A: It's about $7.25, but it depends on what state you are in.
Q: my country boundary with Polland は 英語 (アメリカ) で何と言いますか?
A: We refer to the boundary as a border. So, the border with Poland.


Q: After moving on to other country, i have to fit in new lifestyle. この表現は自然ですか?
A: I'm an immigrant so I should assimilate to the culture.

I'm an immigrant so I need to assimilate.

I just moved in here so I have to learn some ropes.

I just moved to Canada so I have to assimilate.

When I immigrate to Canada, I would need to fit in.

I will have to fit in society when I move you a new country.

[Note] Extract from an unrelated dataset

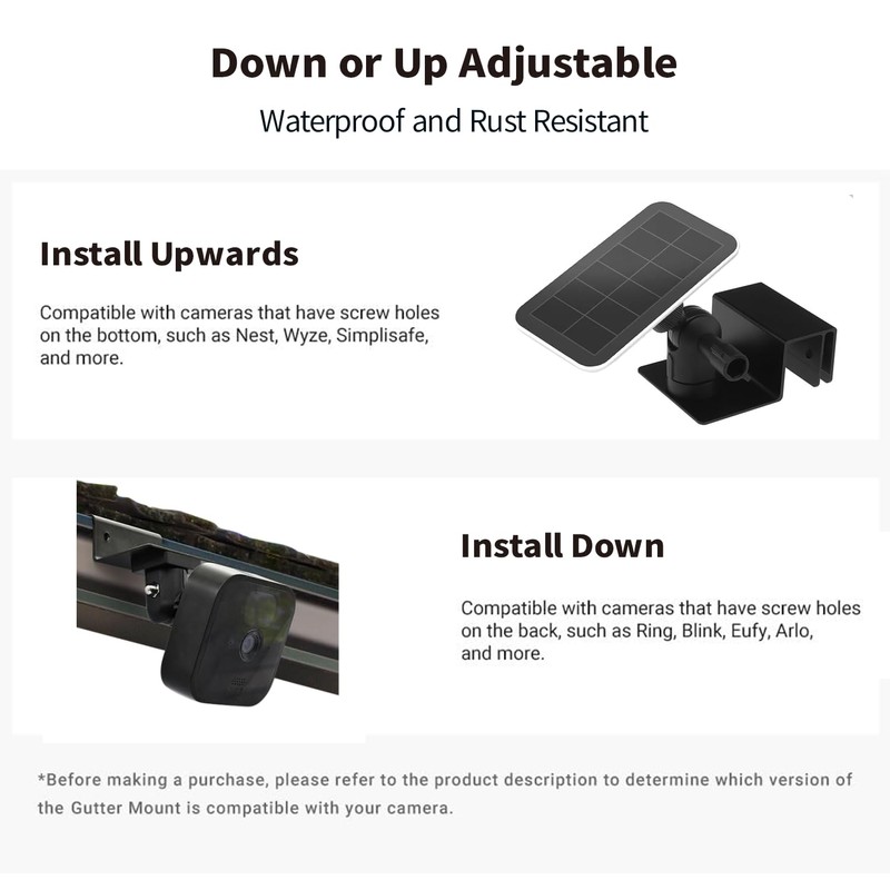 - [Compatible Security Cameras with 1/4"-20 Screw Hole] The Up Version is compatible with Google Nest Cam (outdoor or indoor, battery), Wyze Cam (v4, v3, Outdoor v2, Outdoor v1), and Simplisafe Outdoor Camera. The Down Version is compatible with: SolarBlink Outdoor 4, Blink cameras (Outdoor 3rd Gen, XT2, XT, Mini 2), Eu-fyCam (3, 3C, 2C Pro, 2C, 2 Pro, 2), Eu-fy SoloCam (S220, C210), Wyze Cam (Pan v3, Battery Cam Pro), Arlo cameras (Ultra 2, Pro 5S 2K, Pro 4, Essential 2K, Essential Spotlight, Go 2), Reolink Argus cameras (4 Pro, 4, 3E, 3 Ultra, 3 Pro, 3), and TP-Link Tapo cameras (C425, C420, C410, C402, TC85, TC82).

You know what they say 'Do as the Romans do'. (Idiom)
Q: I'm deeply attached to my own country so I'm always ready to willingly serve anything for my country. この表現は自然ですか?
A: Remember that you need a comma before a FANBOYS conjunction that connects two independent clauses. The “FANBOYS” are: for, and, nor, but, or, yet, so. I also included a voice recording if it will help.
Q: " we rank the safest countries in the world." "we is rated as the safest countries in the world." what's the difference?
A: Both sentences are incorrect...

We are ranked as one of the safest countries in the world.
We are rated as one of the safest countries in the world.

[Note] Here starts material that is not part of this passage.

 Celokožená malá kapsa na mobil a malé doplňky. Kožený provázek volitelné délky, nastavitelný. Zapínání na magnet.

Now they are both correct. They mean the same thing.
Q: " we rank the safest countries in the world." "we is rated as the safest countries in the world." what's the difference?
A: Ummm, I think both of those are grammatically incorrect. A suggestion would be "we are ranked the safest country in the world" (though it depends on exactly what you're trying to say). Someone correct me if I'm wrong :P
Q: Which is more natural?

In many countries there are many corrupt politicians.

In many countries there are many corrupted politicians.
A: A sounds more natural to me. However, you could improve the feel of the sentence by replacing the first "many" with "a lot of". This wouldn't change the meaning, but it would make it sound more natural.